Goal of the exercise =
Everything from the line with "(圖片:後側支援USB-A、HDMI2 (eARC/ARC)、HDMI 1、" to the line with "The panel on" in the listing below, both lines included, needs to be copied exactly, apart from the pictures.

Supplied material =
------

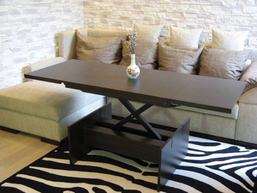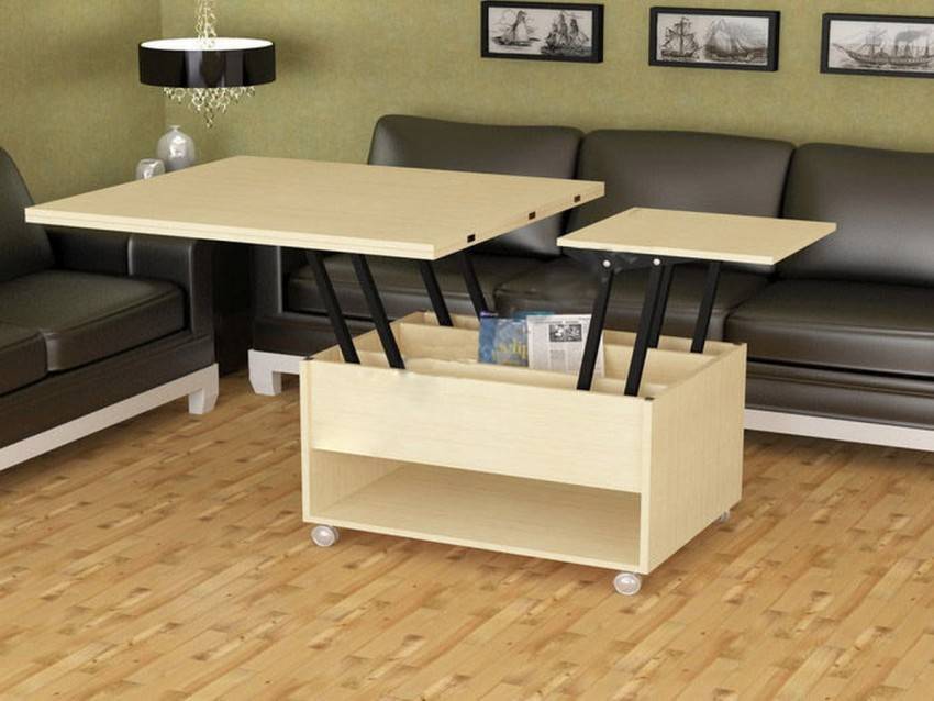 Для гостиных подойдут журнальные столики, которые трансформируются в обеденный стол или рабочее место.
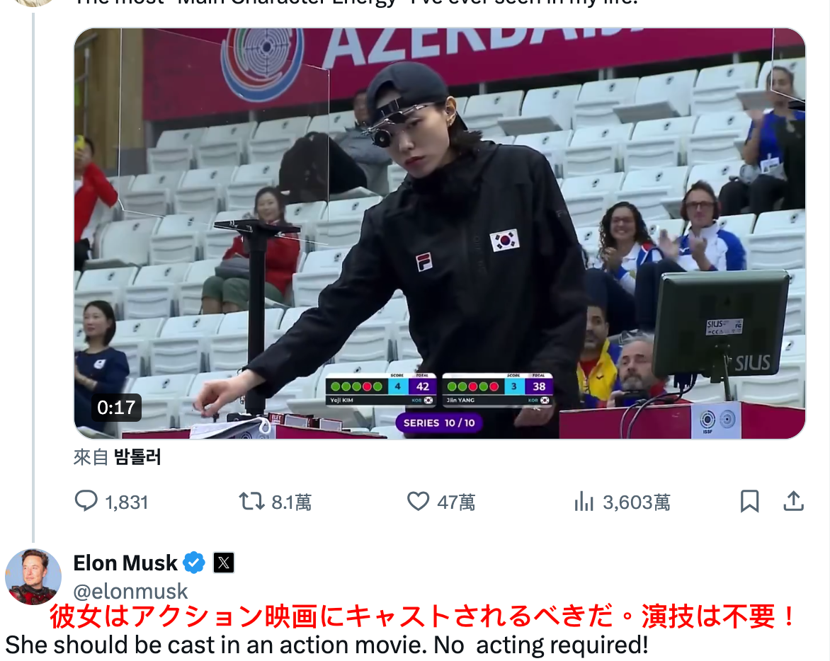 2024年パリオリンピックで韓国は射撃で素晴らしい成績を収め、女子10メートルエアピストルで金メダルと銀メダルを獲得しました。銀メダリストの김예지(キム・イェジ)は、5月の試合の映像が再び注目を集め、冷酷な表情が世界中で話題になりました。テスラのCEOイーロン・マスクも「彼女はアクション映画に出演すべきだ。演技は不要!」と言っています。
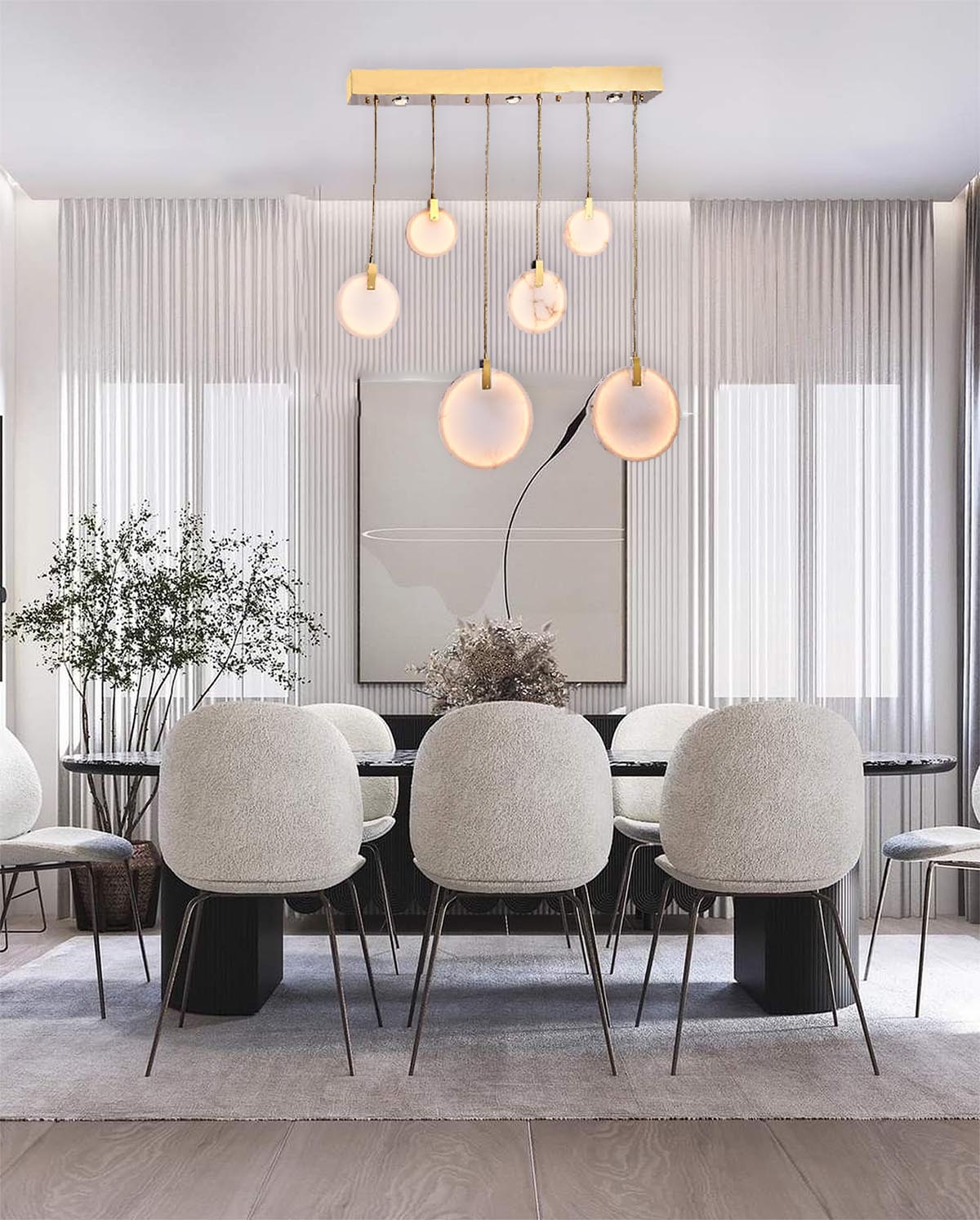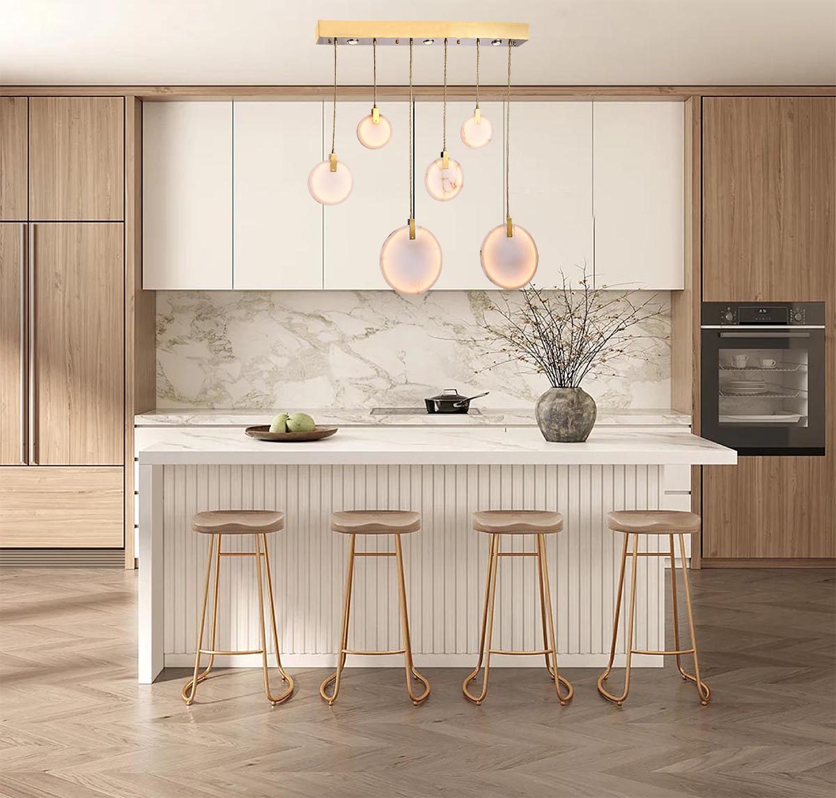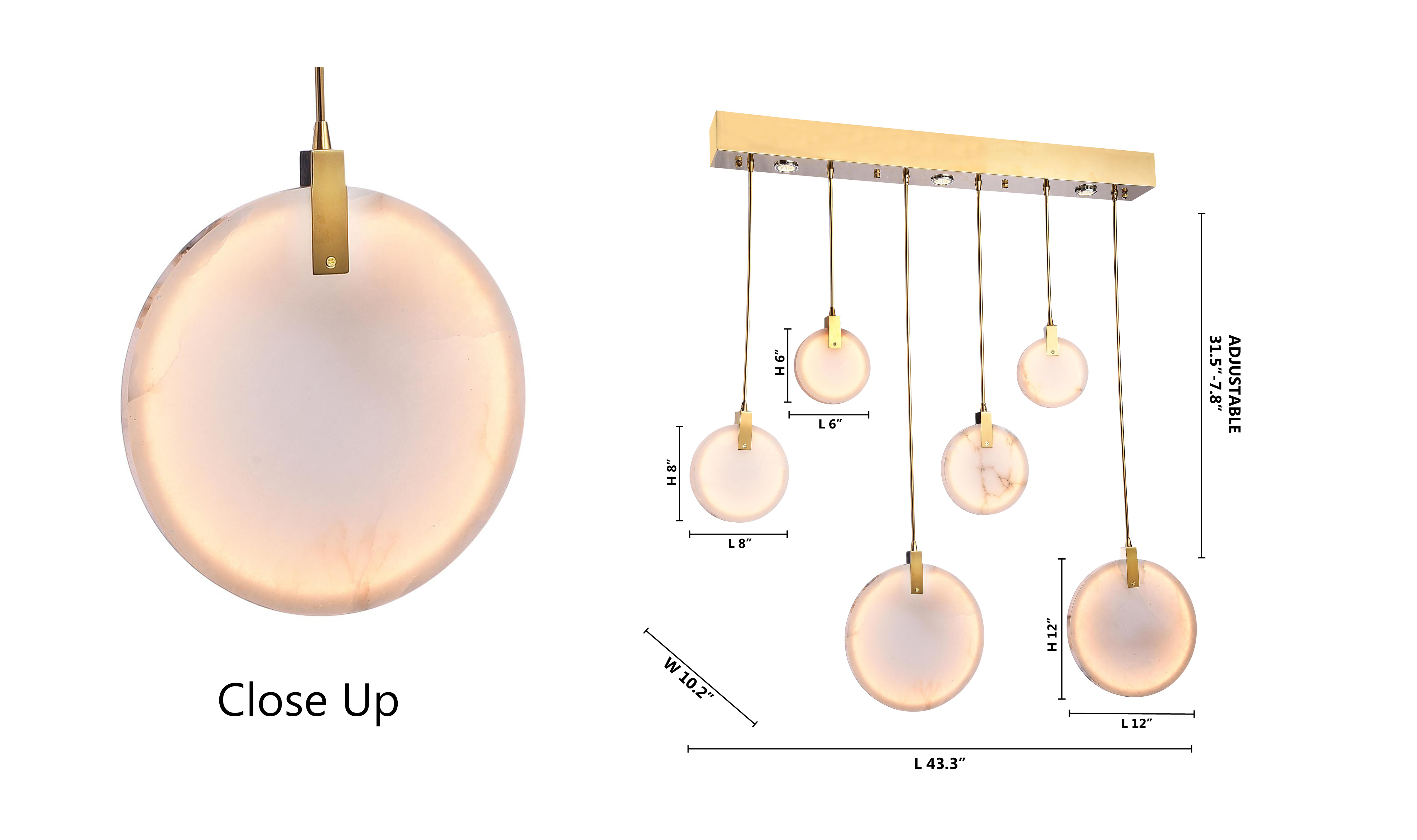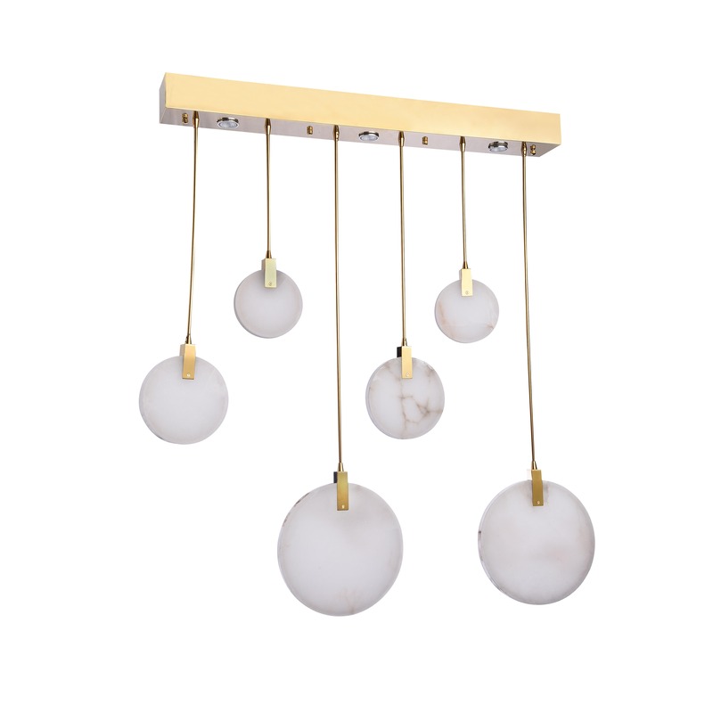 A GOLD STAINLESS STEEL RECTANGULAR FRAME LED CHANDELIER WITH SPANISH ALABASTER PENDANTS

------

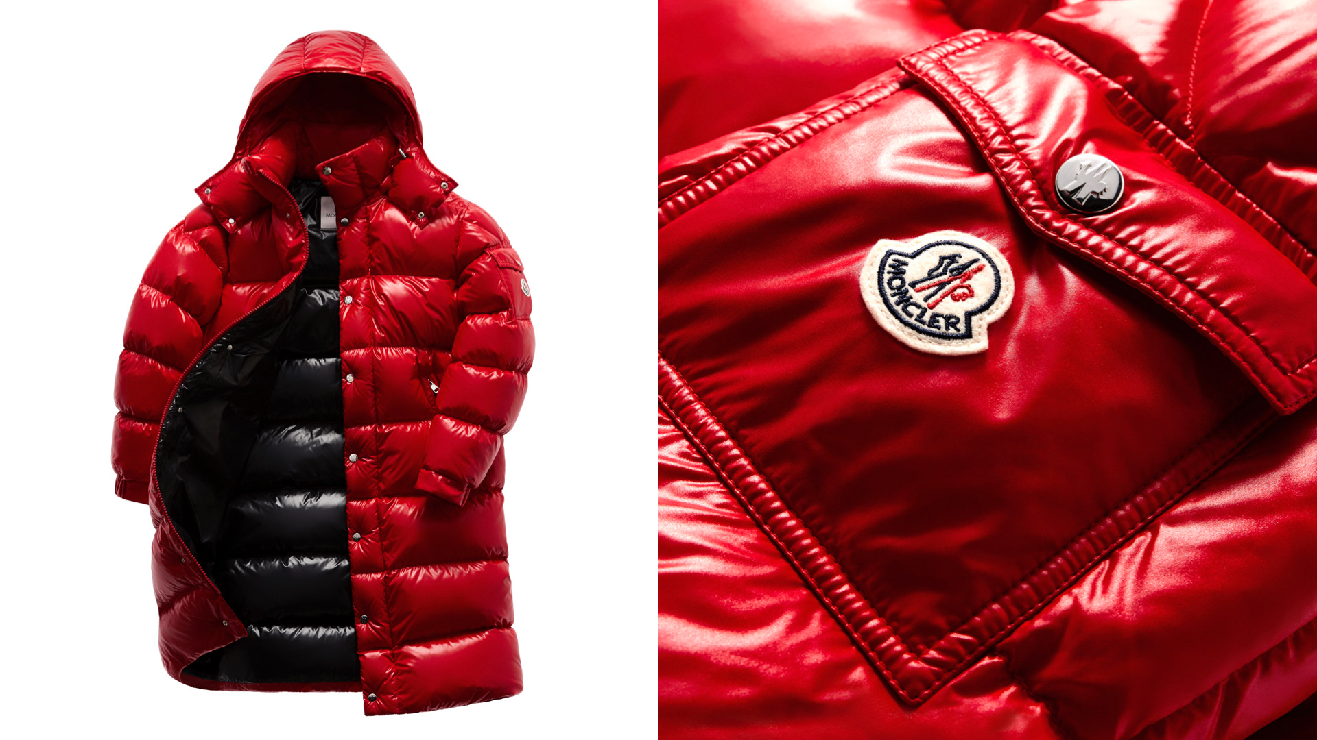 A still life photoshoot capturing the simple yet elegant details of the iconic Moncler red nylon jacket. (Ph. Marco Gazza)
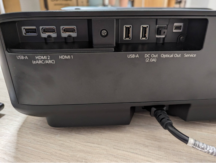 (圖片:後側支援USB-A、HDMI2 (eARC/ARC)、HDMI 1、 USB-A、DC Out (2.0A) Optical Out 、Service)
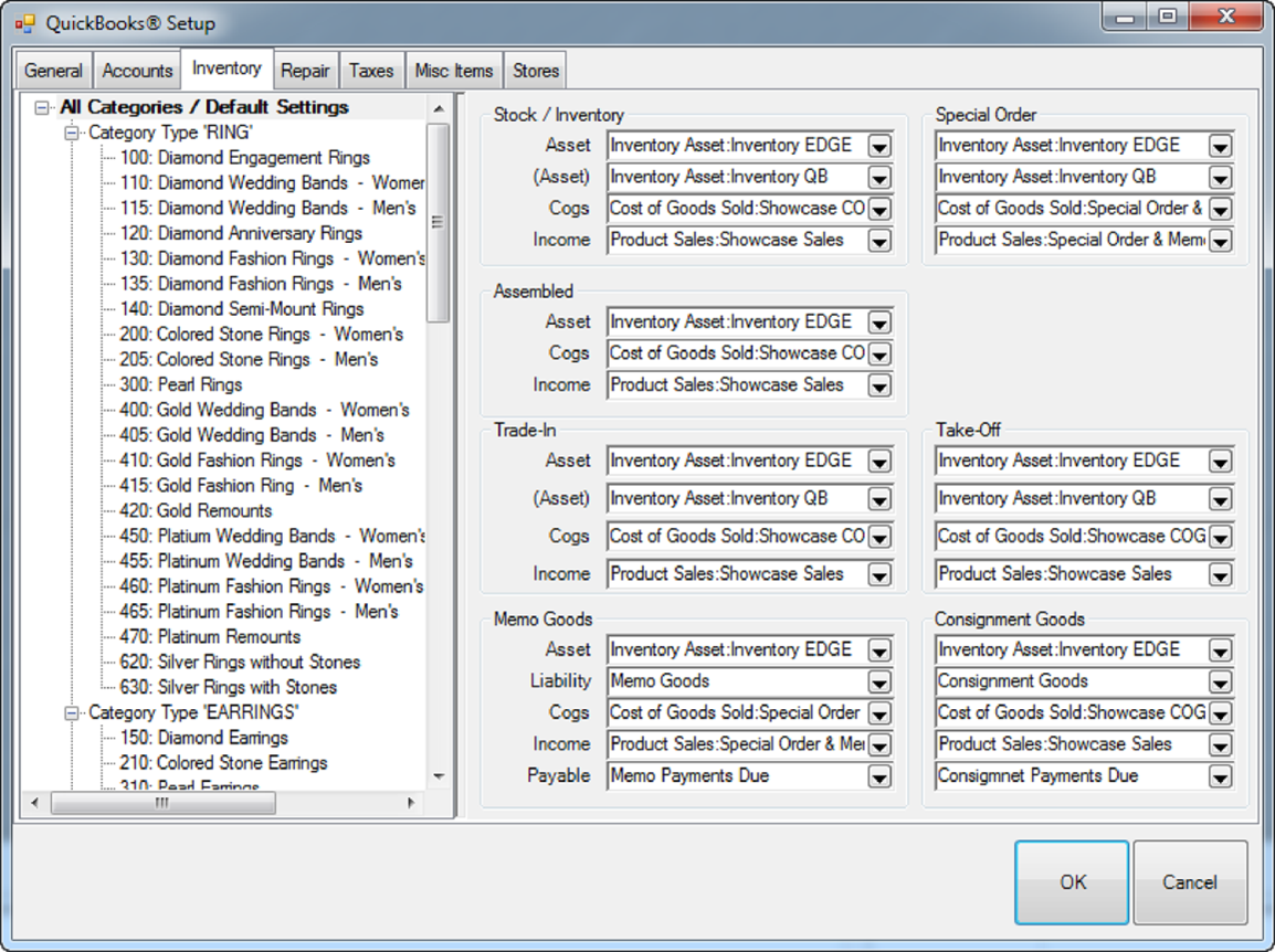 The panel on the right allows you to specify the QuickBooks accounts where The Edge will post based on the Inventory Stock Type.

------

Task result =
 (圖片:後側支援USB-A、HDMI2 (eARC/ARC)、HDMI 1、 USB-A、DC Out (2.0A) Optical Out 、Service)
 The panel on the right allows you to specify the QuickBooks accounts where The Edge will post based on the Inventory Stock Type.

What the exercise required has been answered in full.